MB&F has a way of drawing the best out of people, and this new Moonmachine clearly is an awesome result from the work with Sarpaneva. If we need to wait another six years for a possible MoonMachine 3 I will be rather disappointed. But if the next one is as good as or better than MoonMachine 2, there are good things in our future from MB&F and Stepan Sarpaneva.
I’ll let you ponder what that might be while I break it down!
- Wowza Factor * 9.8 I don’t know if anyone has ever not immediately been wowed by an MB&F piece in one way or another.

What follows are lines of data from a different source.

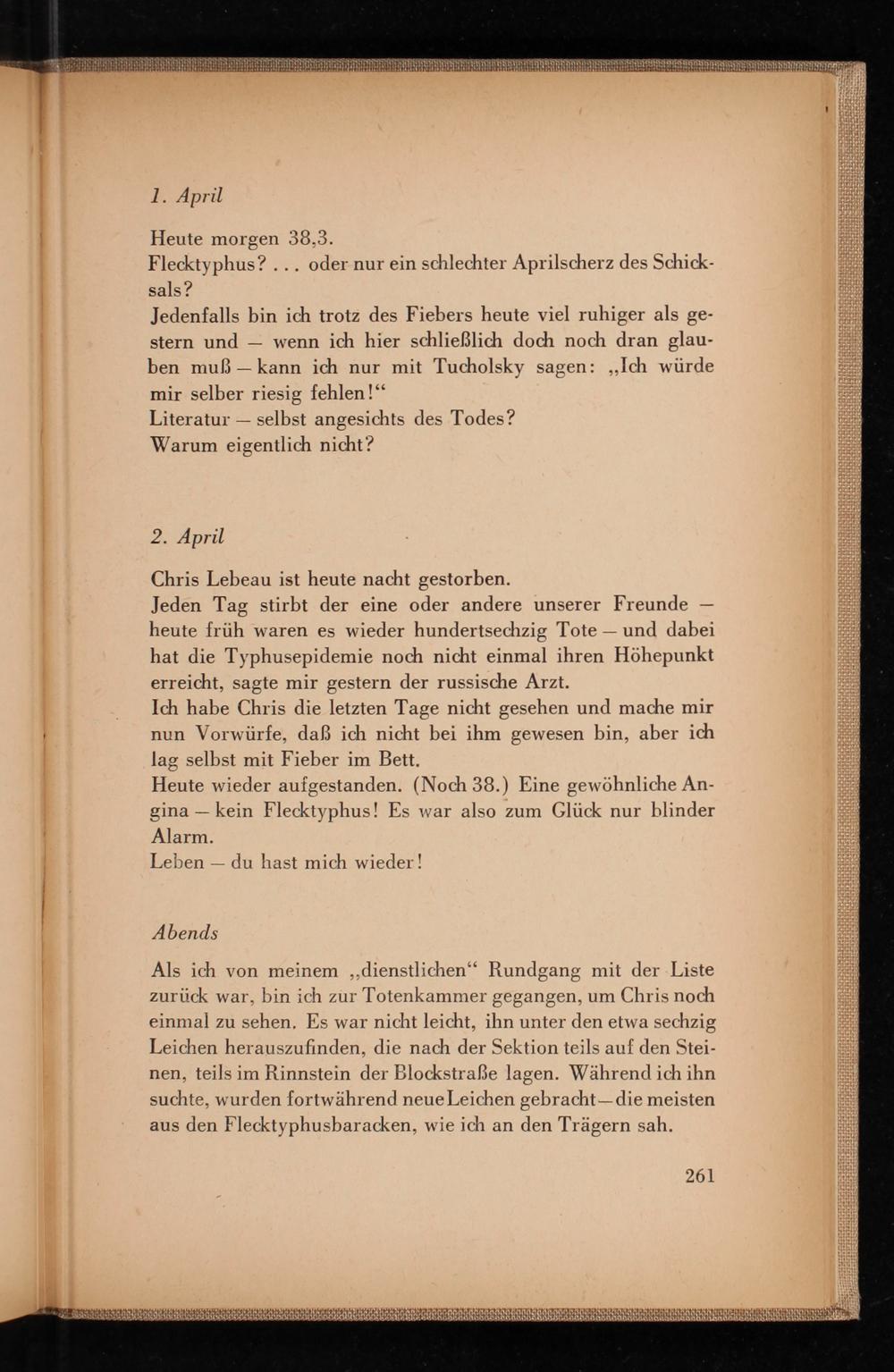 Jeden Tag stirbt der eine oder andere unserer Freunde heute früh waren es wieder hundertsechzig Tote- und dabei hat die Typhusepidemie noch nicht einmal ihren Höhepunkt erreicht, sagte mir gestern der russische Arzt.
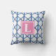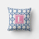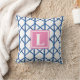 Preppy Blue Trellis Bamboo Pattern Monogram Throw Pillow
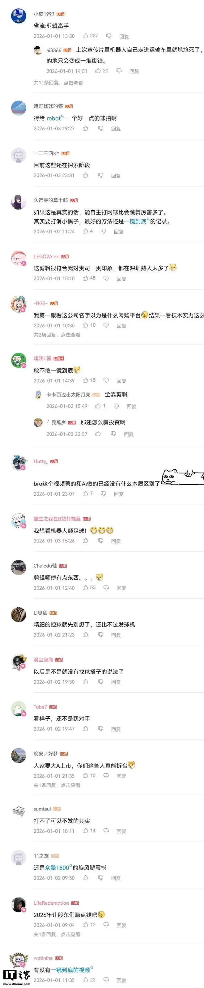然而,B站视频下方的评论区对这一成果反响不一,不少网友质疑视频存在动作剪辑的痕迹。一条热门评论直接称其为“剪辑高手”,还有人希望优必选能公布一段一镜到底、未经剪辑的机器人打网球实拍视频。

- Late Night Lust Appeal * 98 » 961.051m/s2 A moon phase MB&F has enough staying power to keep me up for multiple nights just lusting after it!
- M.G.R. * 64 Solid base mechanism with modules and modifications means one happy nerd writer!
- Added-Functionitis * Mild Gotta be fair when you say there is only one added complication, even if it all results in such a super awesome avant-garde timepiece. Still, there is only a need for children’s-strength Gotta-HAVE-That cream!
- Ouch Outline * 10.75 Hyperextending your knee when you miss kicking a soccer ball! Charlie Brown knows what I’m talking about: one missed step and you’re out of whack for hours. Well, maybe only when you aren’t a teenager anymore. Regardless, I’d do it again if it meant getting this bad boy on my wrist!
- Mermaid Moment * Full moon again! By the time the Sarpaneva moon fills the window you will be filling a schedule for the ceremony!
- Awesome Total * 869 Take the cube of the number of pieces in each case metal version (123) and divide by the water resistance in atmospheres (3), then add the number of components in the movement (293) for a lunatastic awesome total!
For more information, please visit www.mbandf.com.
Quick Facts MB&F MoonMachine 2
Case: 49 x 51.5 x 19.5 mm, titanium, black titanium, and red gold
Dial: bi-directional jumping hours and minutes magnified by 20%; moon phase displayed by one optical prism that reflects vertically
Movement: three-dimensional automatic “engine” conceived and developed by MB&F using a Girard-Perregaux base caliber; PVD-coated titanium rotor with Sarpaneva gold moon; 42-hour power reserve; frequency of 28,800 vph / 4 Hz
Functions: jumping hours, minutes; moon phase
Limitation: 36 pieces total (12 in each case material)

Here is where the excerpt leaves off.